Climbing the Midi-Plan Traverse

My partner was sick yesterday so I went out on a solo mission and wanted to see some new terrain. Not knowing exactly what I was going to get into I packed my Deuter Speed Lite 20 and took off for the Aiguille du Midi.

Looking at the tinny point, Aiguille du Plan

Looking at the tinny point, Aiguille du Plan

After leaving the Midi I could see the Aiguille du Plan and it seemed the obvious choice for an outing but I knew nothing about the route. In my Speed Lite 20 pack I brought a 7.5mm tag line if I needed to rappel, a half liter of water, one GU, my Petzl Altitude harness, my Reverso, Sarken crampons, a sling and locking carabiner, and my La Sportiva Hail Jacket. So I was definitely going light but had options.

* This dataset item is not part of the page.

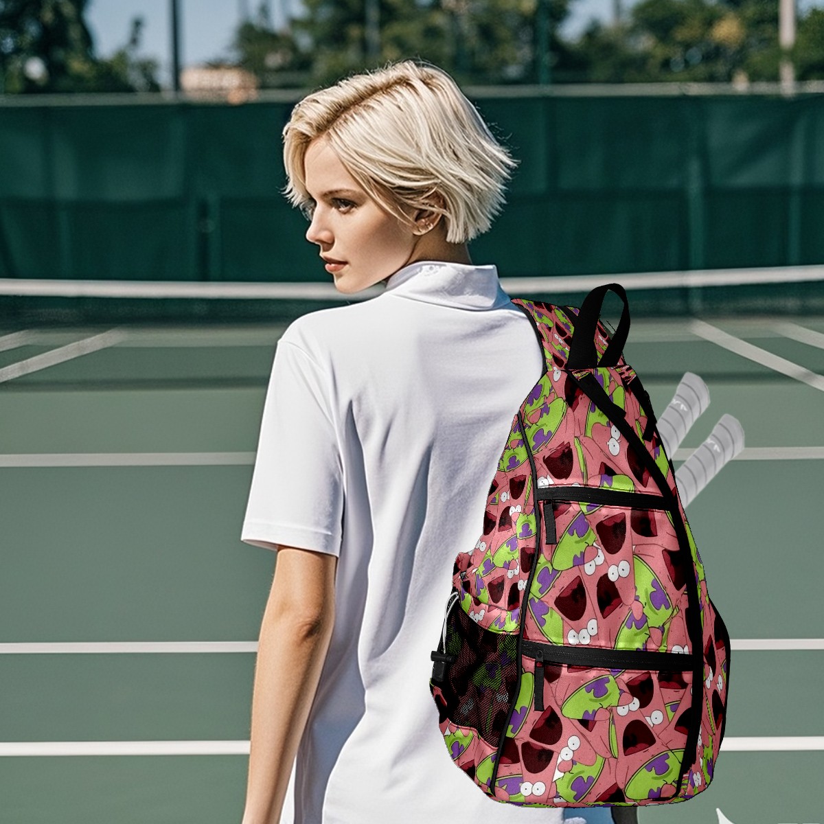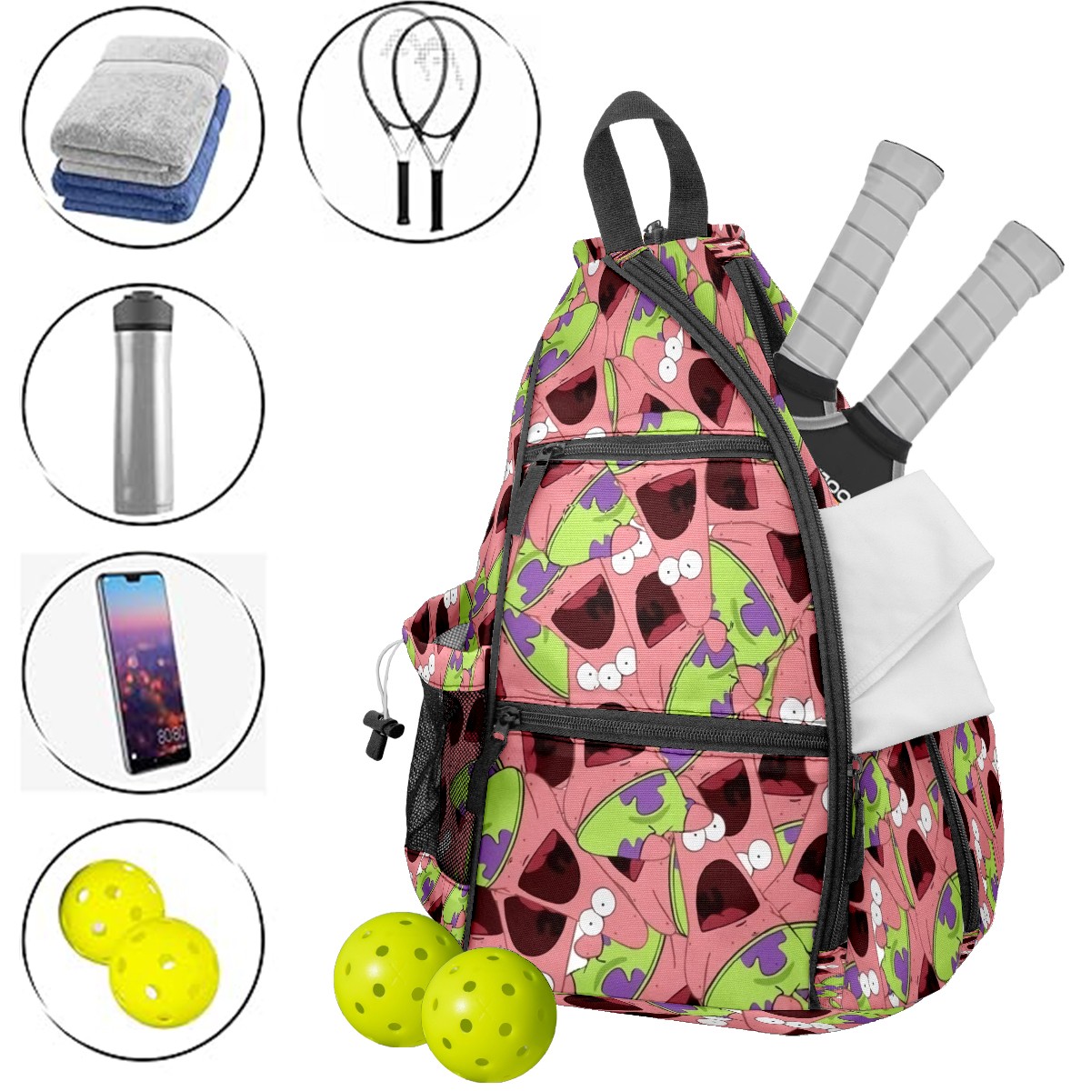 Multifunctional Pickleball Bag,Large Capacity Sports Pickleball Racket Bag, Water Bottle Holder and Fence Hook,Suitable for Both Men Women -海绵宝宝7

The Snow climbing was amazing as it follows a few knife edge ridges with views

 

out of the many glaciers of the area as well as the valley of Chamonix. The rock climbing was also spectacular. With know information of the route and how hard it was I decided not to do any rappelling and instead just down climb. This would allow me to know that I could feel comfortable climbing back up the terrain in my crampons. The hardest moves were 5.5 or maybe 5.6 (YDS) and the splitter cracks made the climbing fun and secure. The traverse ends on the top of the Plan in which you stand on a refrigerator sized block. Absolutely spectacular. Of course you have to retrace your steps but in this case I was looking forward to it because you get to experience it all again!

Days out in the mountains like this is what it is all about. Freedom, movement, great views, and no rules. Just you and the mountains!